К моему удивлению, во время нашей беседы никто не мешал и никому не было скучно. Скорее в классе ощущалось напряжение и ожидание. Тогда я рассказала ребятам, что иногда я с другими взрослыми играю в семью. Многие, естественно, тут же выразили желание в нее поиграть. Я объяснила, что для этого нужно выбрать «заместителей» для членов семьи и поставить их так, будто это твой отец, твоя мама, братья, сестры и ты сам. Затем я показала им, как это дела-

ется, на примере своей собственной родительской семьи. Они уже знали, что у меня есть два брата, что моя мама (была тогда) еще жива, а отец уже умер.

С помощью пяти учеников я расставила свою семью. Разумеется, всем хотелось играть членов семьи.

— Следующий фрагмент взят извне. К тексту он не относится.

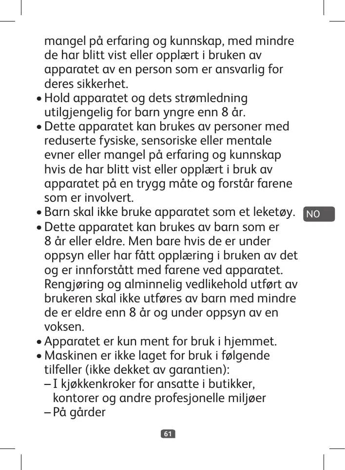 • Les enfants ne doivent pas utiliser l’appareil comme un jouet. • Cet appareil peut être utilisé par des enfants âgés d’au moins 8 ans, à condition qu’ils bénéficient d’une surveillance ou qu’ils aient reçu des instructions quant à l’utilisation de l’appareil en toute sécurité et qu’ils comprennent bien les dangers encourus. Le nettoyage et l’entretien par l’utilisateur ne doivent pas être effectués par des enfants, à moins qu’ils ne soient âgés de plus de 8 ans et qu’ils soient sous la surveillance d’un adulte. • Votre machine a été conçue pour un usage domestique seulement. • Votre machine n’a pas été conçue pour être utilisée dans les cas suivants qui ne sont pas couverts par la garantie : ––dans des coins de cuisines réservés au personnel dans des magasins, bureaux et autres environnements professionnels, ––dans des fermes, ––par les clients des hôtels, motels et autres environnements à caractère résidentiel, ––dans des environnements de type chambres d’hôtes. 2

Сначала они были даже немножко разочарованы тем, что на расстановке игра и закончилась.

Когда все пятеро заместителей были расставлены, наступила тишина, и я попросила каждого из них сказать, что они чувствуют. Девочка, которая «замещала» мою мать, сказала, что хотела бы быть ближе к мужу (заместителя своего умершего отца я поставила чуть сзади, и она протянула к нему руку). Мне стало очень грустно. Я давно уже чувствовала, что мама готовится к смерти. Дети сидели беззвучно, хотя, кроме того, что пятерых из них я поставила на определенные места, а девочка, замещавшая мою мать, высказала свои ощущения, ничего больше не произошло. Они чувствовали, что находятся внутри какого-то поля, которое возникло благодаря расстановке, и ощущали мою печаль.

В тот день мы больше не играли, и ребята стали спрашивать, можно ли им тоже расставить свои семьи и как это будет происходить — смогут ли заместители в их расстановках тоже выразить то, что чувствуют. Я посоветовала им сначала как следует подумать, потому что образ семьи — нечто очень интимное, что не всякий может запросто выставить напоказ. Этот ответ их удовлетворил, но лишь ненадолго.

Далее я объяснила ребятам, что семья — это главное, что у нас есть. Это знает каждый, и вряд ли нужно долго размышлять, чтобы прийти к выводу, что все дети любят своих родителей, даже если родители поступают с нами несправедливо, даже если мы их ненавидим. Тут поднялся шум. Одни ребята хотели доказать мне, что слишком ненавидят своих родителей, чтобы снова почувствовать свою с ними связь, потому что те им что-то запрещают, ругают и бьют. Другие же говорили о том, что вечером могут уснуть только, если снова помирятся с родителями.

Когда страсти улеглись, я сказала: «Я знаю, что некоторым из вас приходится нелегко, что иногда родители поступали с вами несправедливо, обижали. И все-таки я по-прежнему считаю, что все мы любим своих родителей и в душе мы сами на себя злимся, когда их ненавидим, плохо о них отзываемся или желаем им зла». Позже некоторые ребята даже написали мне на эту тему маленькие письма, воспоминания о том, как они себя чувствовали, когда злились на своих родителей.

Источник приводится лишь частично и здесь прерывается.